From Goodreads: Lisa Hefner Heitz has traveled the state in search of its ghostly folklore. What she has unearthed is a fascinating blend of oral histories, contemporary eyewitness accounts, and local legends. Creepy and chilling, sometimes humorous, and always engaging, her book features tales about ghosts, poltergeists, spook lights, and a host of other restless spirits that haunt Kansas. Heitz's spine-tingling collection of stories raps and taps and moans and groans through a wealth of descriptions of infamous Kansas phantoms, as well as disconcerting personal experiences related by former skeptics. Many of these ghosts, she shows, are notoriously linked to specific Kansas structures or locations, whether an eighteenth-century mansion in Atchison or a deep - some have claimed bottomless - pool near Ashland. |
I've been searching out some local ghost tales this month. I have to say, trying to finish this up at night, down in the basement while walking on my treadmill was probably not the smartest idea ever! I was just sure I was going to see something when I turned around!
It's fun to hear stories from places that you have heard of or even been to. While the previous local ghosts book I read, Haunted Kansas City, Missouri focused on primarily public and often well known places, the stories were often vague or very generalized. In Haunted Kansas, the author tells the stories, often quite detailed, including different versions of the legend and discussing how it changes over time, or the purpose that the story served in the community, grouped by type.

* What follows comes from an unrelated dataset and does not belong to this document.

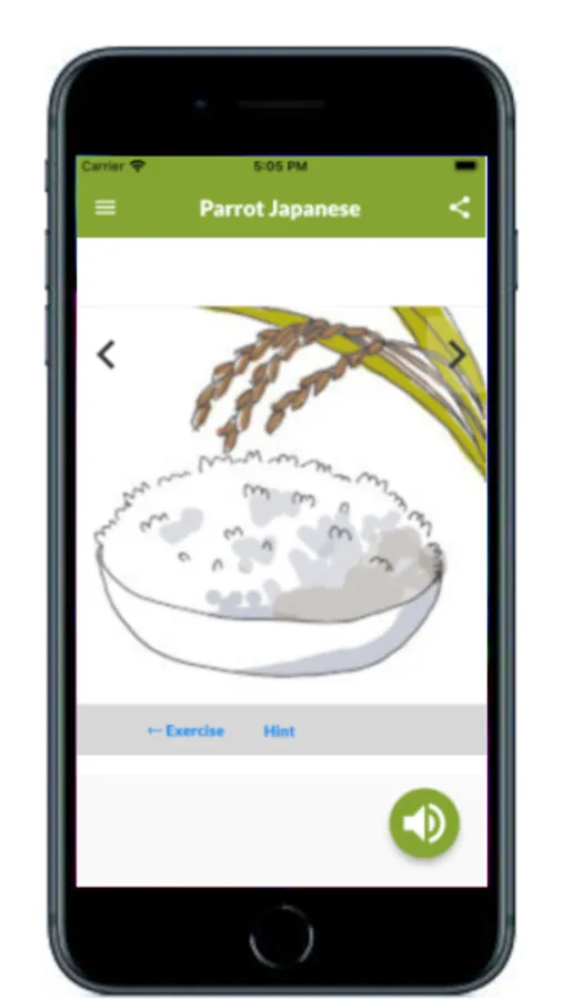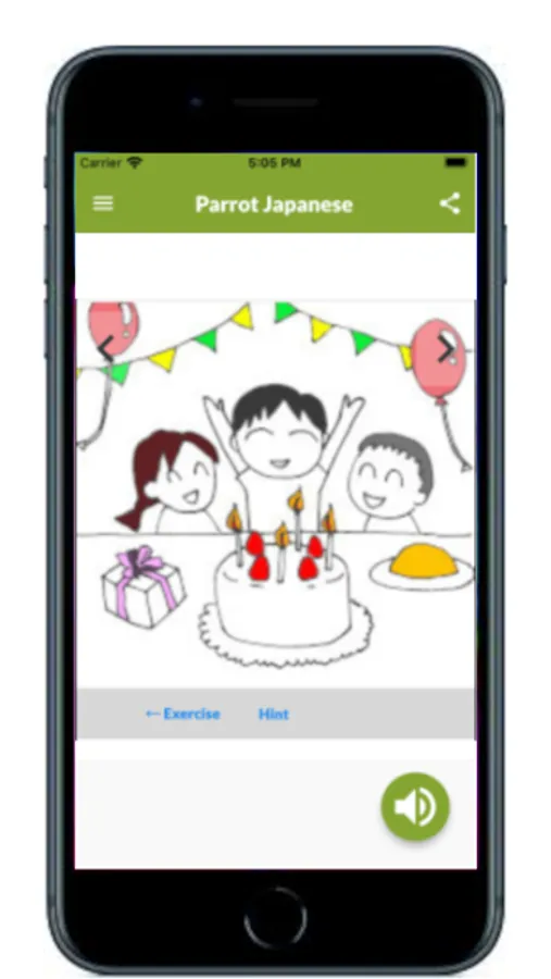 So, this application software Speak Japanese Like Parrot is designed by its specification in which you listen to the voice and pronounce after it, and the meaning is displayed after the pronunciation is applicable.

While many of the stories are treated with a great deal of skepticism, often the many different versions of the stories undermine their credibility (kind of like the whispered secret game, where the message rarely ends how it starts out), there is still plenty here to give you goosebumps, especially if your setting is ripe! (i. e. cobwebby basement at night, with your back to the room, did I mention that was a bad idea?) I do wish there had been more photos of locations as there was in Haunted Kansas City, Missouri, but a lot of these stories are set in private places, or areas where there really isn't much to see, or are no longer as they once were, so a lack of images is understandable.
I do recommend them both if you are interested in local Kansas legends, history and hauntings, but of the two, Haunted Kansas was by far the more informative and a meatier read. There is also a notes and sources section at the back that lends credence to the author's work, giving ideas for further reading if you are interested.
And with this, I think I'll say goodbye to October and to ghosts for awhile! Happy Halloween everyone!